Редактор: Женя Декина


(рассказ)



— Х+у=12, х-у=2, ну что непонятного, система уравнений, выражай одно через другое и поехали! Пятый раз объясняю, нельзя же быть такой бестолковой.
Сиреневое небо, готовое упасть, зима, вечер, 17:00. Мой стол около окна с низким подоконником; особое удовольствие во время сильного снегопада, выключив свет, сидеть и смотреть, как летят кусочки снежной ваты, подсвеченные светом фонаря. Алгебра. Я люблю алгебру за то, что всегда получаешь ответ в конце мучений. Но не системы уравнений: отец надрывно и резко сыпет объяснения, как надо решать. Я не поднимаю глаза, таращусь в тетрадку, как будто это поможет. Чувствую себя как на расстреле у школьной доски. В голове давление, которое нагнетается с каждой минутой, а вокруг всё в вязком тумане сиреневого цвета. Как дым сигарет, он распространяется по комнате. Почему детям нельзя курить.
— Так, мне звонят, давай решай. 
Телефон из коридора истошно орёт на всю квартиру. От звука я всегда вздрагиваю и сжимаюсь, как будто могу спрятаться в норку или сама в себя. Когда остаюсь в комнате одна, могу расслабиться. В комнате душно и холодно, хотя работает обогреватель. На ряску в аквариуме приятно падает свет жёлтой лампы, он витиевато пробирается сквозь водоросли, попадая на небольшие участки песчаного дна. Объём этого счастья — пять литров – целый мир со своим искусственным солнцем.
— Идите ужинать! — раздаётся с кухни голос мамы, проходящий сквозь кипящий чайник и льющуюся из-под крана воду, он добирается только до поворота в мою комнату. Туман не пускает его дальше.
Кухня за стеной, в которую я упираюсь глазами, когда сижу за уроками. Это коробочка два на два метра со столом, холодильником у окна, газовой плитой и нержавеющей мойкой. Больше всего мне нравится на кухне два окна: одно — КПП, как его называет мама, потому что когда она готовит — всегда смотрит, кто куда пошёл-пришёл, и рассказывает остальным. Напротив нашего дома поликлиника и музыкальная школа с автобусной остановкой — мы находимся в гуще событий района. Второе окно самое интересное, выше моего роста и напротив КПП — выходит в ванную. Для меня секрет, зачем оно нужно, кроме как подглядывать с кухни в ванную, но я его люблю за возможность не включать свет на кухне, а только в ванной, когда сижу вечером на кухне и пью кефир. 
Мама всегда готовит пресную еду, почему? Безвкусные котлеты или рыба, отварная картошка, в которой нет даже соли. Она похожа на пластилин по вкусу, нежное и диетическое с заботой о нашем здоровье, блёклое и безрадостное, лишённое вкуса и жизни. Чувства в тарелке.

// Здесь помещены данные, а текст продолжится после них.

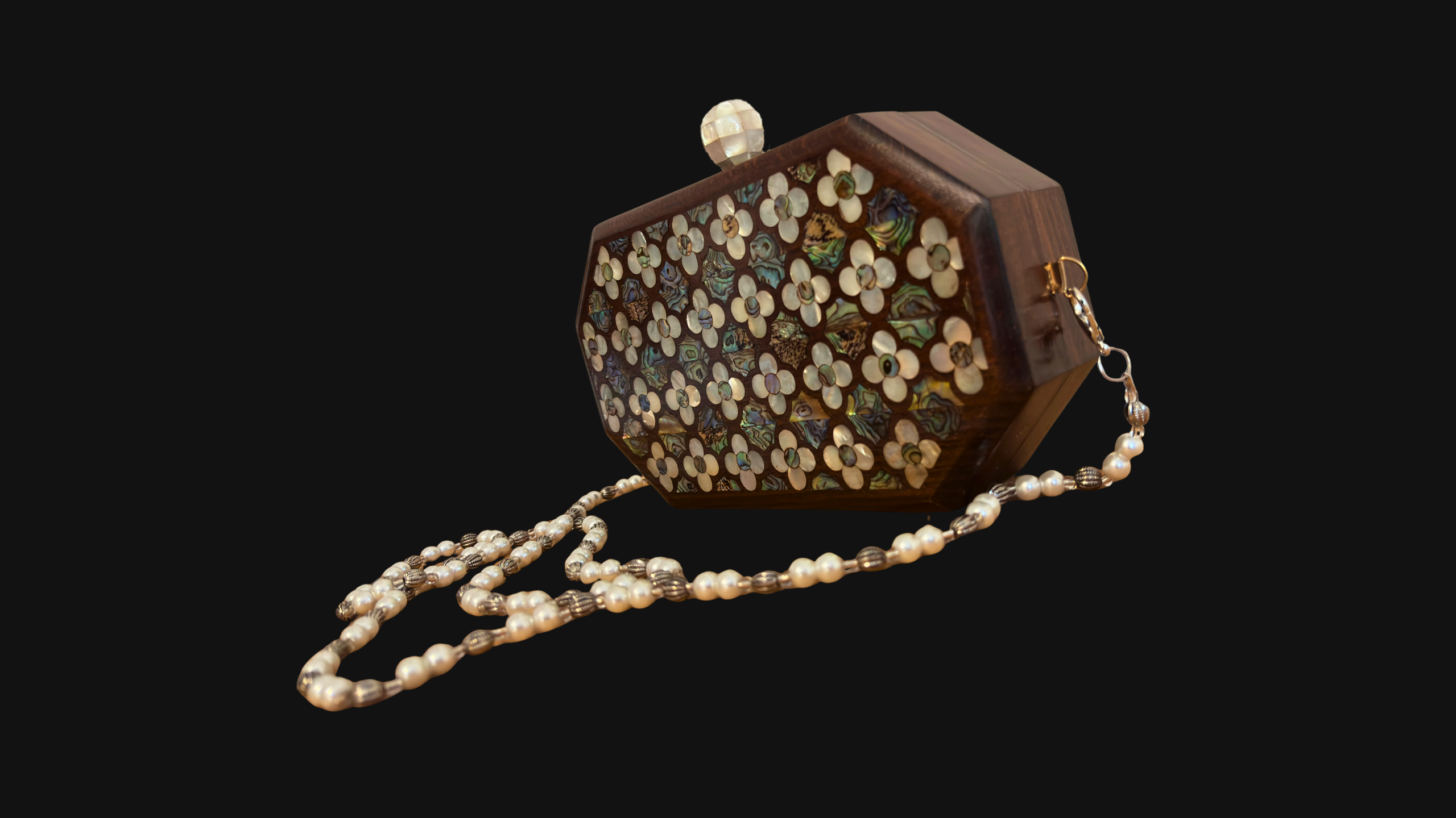 Jouri – Luxury Damascene Clutch with Mother of Pearl Rose Inlay & Pearl Rosary Chain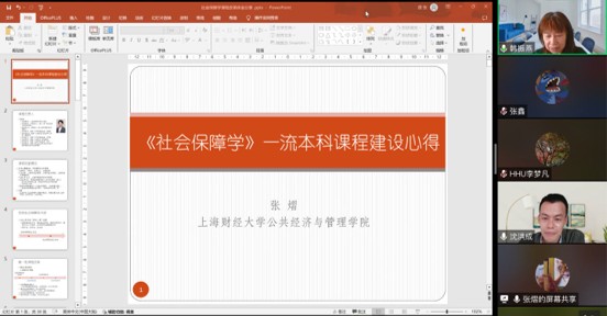 在主题报告环节,张熠教授围绕《社会保障学》四轮课程改革历程,分享了课程结合学校特色、学科特点和社会发展采取的各项课程改革措施,对每个改革阶段所做的课程建设工作通过大量的教学案例进行讲解,深入浅出,形象具体、语言生动绘色。既有理论指导,又提供了可落地的方法分享,给与会教师诸多启发。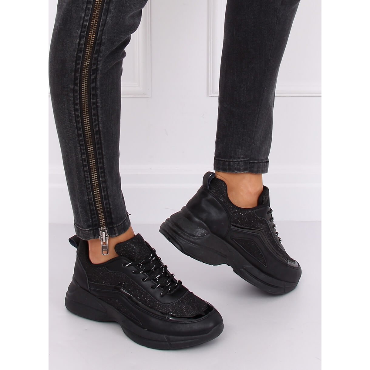 El modelo se distingue por una suela alta, lo que les da un carácter único. El acabado bellamente brillante seguramente atraerá la atención de quienes lo rodean. Confeccionados en piel y tejido ecológicos de alta calidad, garantizan durabilidad y comodidad de uso. El interior de las zapatillas está forrado de tela, lo que garantiza una excelente amortiguación y comodidad.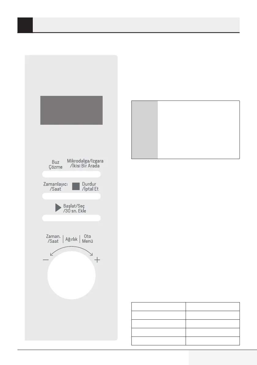 6. Press “Başlat/Seç/30 sn. Ekle” to start cooking.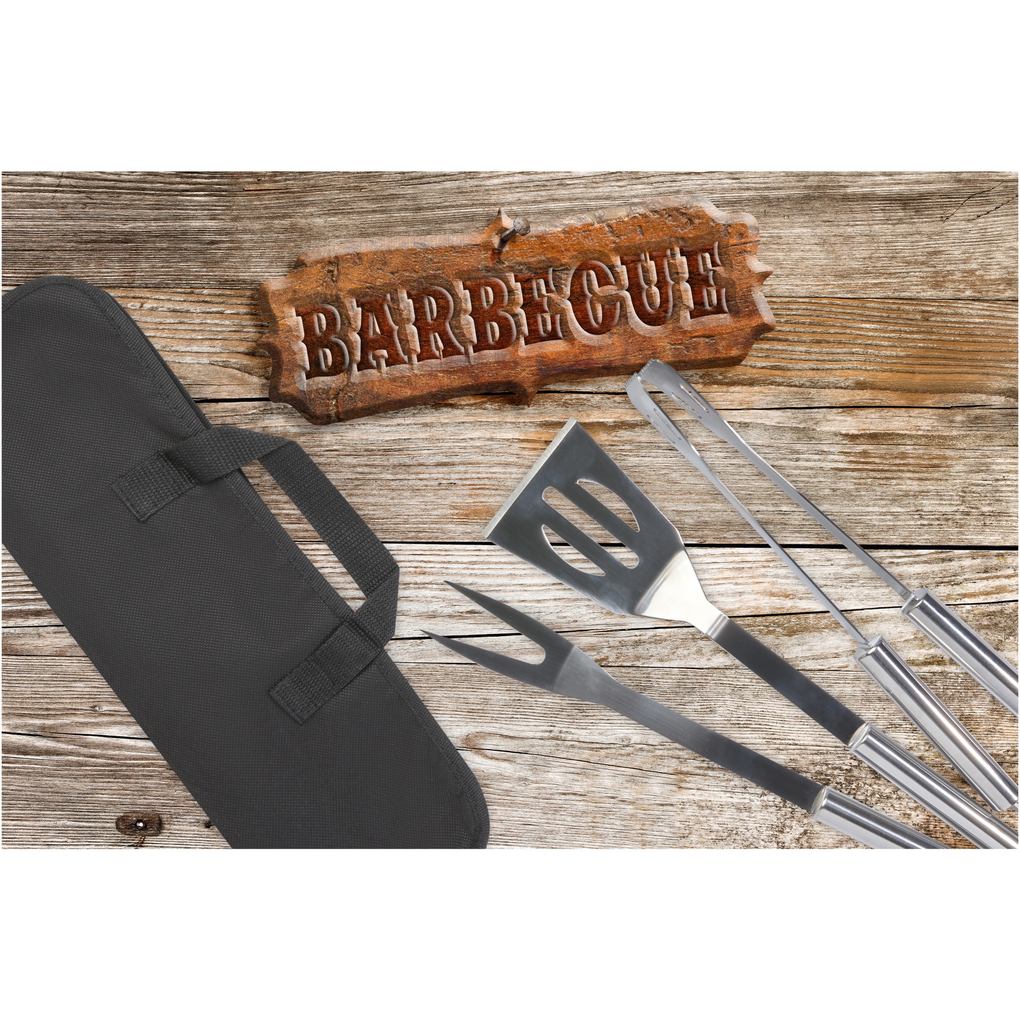 3-osainen grillausvälinesarja, jossa on lasta (34,8 x 7,5 cm), haarukka (35,4 x 3,35 cm) ja pihdit (35 x 6,8 x 4 cm). Grillausvälineet toimitetaan kevyessä kotelossa, jossa niitä on helppo säilyttää ja kuljettaa. Tämä on erinomainen grillaustarvikesarja kotipihalle tai mukaan vietäväksi, kun grillaat ulkona ystävien ja perheen kanssa.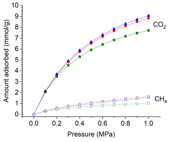 Biogas upgrading can be achieved via numerous technologies, such as water/physical/chemical scrubbing, cryogenic separation, membrane separation, pressure swing adsorption (PSA), and vacuum pressure swing adsorption (VPSA) [5,6]. In the context of this study, we are interested in the removal of CO2 from biogas via PSA, avoiding the use of a vacuum in the desorption step that would then be replaced with desorption in atmospheric pressure. Because vacuum desorption is mainly responsible for the high energy costs of VPSA processes, better energy performances by PSA separation are foreseen. The choice of adsorbent is one of the key factors in designing such a process.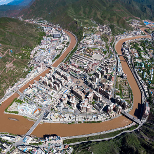 紅棕色的河水波濤洶涌,磚紅色的山脈連綿不絕。山水間的紅土地上,房屋、橋梁、廣場等帶有紅色裝飾的建筑錯落分布,將這座歷史悠久的藏東山城裝點成一幅立體的油畫。

— Я долго буду вас звать?! Скоро всё остынет, — поток воды из крана останавливается, раздаётся звон тарелок и вилок.
Я выглядываю из своей комнаты, наблюдая, как мама накрывает на стол. За стеной отец громко разговаривает по телефону и ходит туда-сюда. Мама ходит по кухне и раскладывает еду по тарелкам, на ней серый фартук с мраморными разводами. Ей не очень нравится, но она продолжает носить, наверное, потому что сшила сама и смирилась, а выбросить жалко. Облако сиреневого тумана добирается и сюда, замедляя движения и мысли. В приёмнике играет «Радио России». Забегаю узнать, что на ужин. Картошка с курицей. Мама просит позвать дедушку и отца.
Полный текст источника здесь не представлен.